Considering the compressor 300 in more detail, the compressor 300 can include any device suitable for compressing a gas, including reciprocating, rotary, axial flow, centrifugal, diagonal or mixed-flow, scroll, or diaphragm compressors. The compressed stream 310 can exit the one or more compressors 300 at pressures ranging from a low of about 500 kPa to a high a 3000 kPa. In one or more embodiments, the pressure of the compressed stream 310 can be about 100 kPa to about 3000 kPa or about 100 kPa to about 1000 kPa. In one or more embodiments, the acid composition of the compressed stream 310 fed to the one or more treating units 400 can range from a low of about 100 ppmv to a high of about 5 vol % total acid gas. In at least one specific embodiment, the compressed stream 310 can have a temperatures ranging from a low of about 5° C. to high of about 50° C.
Considering the treating unit 400 in more detail, the treating unit 400 can include any system or device suitable for removing oxygenates, acid gas, water, and any other known contaminants for downstream polymerization processes. In one or more embodiments, the treated stream 410 leaving the treating unit 400 can include less than about 500 ppmv H2S, less than about 50 ppmv H2S, or less than about 1 ppmv H2S. In one or more embodiments, the treated stream 410 can include less than about 500 ppmv CO2, less than about 100 ppmv CO2, or less than about 1 ppmv CO2.
Considering the drying unit 500 in more detail, the drying unit 500 can include any system or device suitable for removing water from a hydrocarbon, including systems using desiccants, solvents, or any combination thereof. The dried stream 510 exiting the drying unit 500 can include about 0.1 ppmv H2O to about 10 ppmv H2O.
Each de-propanizer 600 can include any device suitable for selectively separating a hydrocarbon to provide a stream enriched in C3 and lighter and a stream enriched in C4 and higher. In one or more embodiments, the stream 610 enriched in C3 and lighter exiting the one or more de-propanizers 600 can include about 99% wt or less C3 and lighter, including hydrogen. The stream 610 enriched in C3 and lighter can include about 5 wt % to about 40 wt % C2, about 15 wt % to about 70 wt % C3, and less than 10 wt % H2. The stream 610 enriched in C3 and lighter can exit the de-propanizer 600 at pressures ranging from a low of about 500 kPa to a high of about 1500 kPa. In one or more embodiments, the pressure of the stream 610 enriched in C3 and lighter can be about 500 kPa to about 1500 kPa. The stream 620 enriched in C4 and heavier exiting the one or more de-propanizers 600 can include about 99 wt % or less C4-C10. In one or more embodiments, the stream 620 enriched in C4 and heavier can include about 40 wt % to about 80 wt % C4, about 10 wt % to about 30 wt % C5, about 5 wt % to about 15 wt % C6, and less than about 15 wt % C7 and heavier hydrocarbons.

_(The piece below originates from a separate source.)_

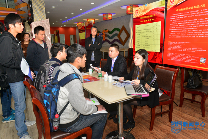 此次招聘会,吸引了合肥水泥研究院、中国新型建材设计研究院、北新集团建材股份有限公司、中建材国际装备有限公司、河南省中联玻璃有限责任公司、四川嘉华企业(集团)股份有限公司、北京新航建材集团有限公司等7家单位来校招聘,提供岗位100余个,涵盖了我校材料、化工、机械、自动化、土木、计算机、给排水、热能、国贸、营销等众多优势学科,可以说与我校专业设置高度契合,再加上“中”字头的品牌形象,对毕业生产生了巨大的吸引力。在两个半小时的招聘过程中,陆续有近千名学生入场查看招聘信息、咨询情况、现场交流,寻找着适合自己的岗位。现场气氛热烈,紧张有序。用人单位代表纷纷表示我校毕业生求职态度积极,综合素质突出,专业基础扎实,沟通协调和适应能力很强,正是企业所急需的人才类型 。

The compressor 700 can include any device suitable for compressing a gas, including reciprocating, rotary, axial flow, centrifugal, diagonal or mixed-flow, scroll, or diaphragm compressors. The compressed stream 710 exiting the one or more compressors 700 can have discharge pressures ranging from a low of about 500 kPa to a high of about 3500 kPa. In one or more embodiments, the compressed stream 710 can exit the compressors 700 at pressures ranging from about 500 kPa to about 1500 kPa. The temperature of the compressed stream 710 can be within the range of about −20° C. to about 100° C.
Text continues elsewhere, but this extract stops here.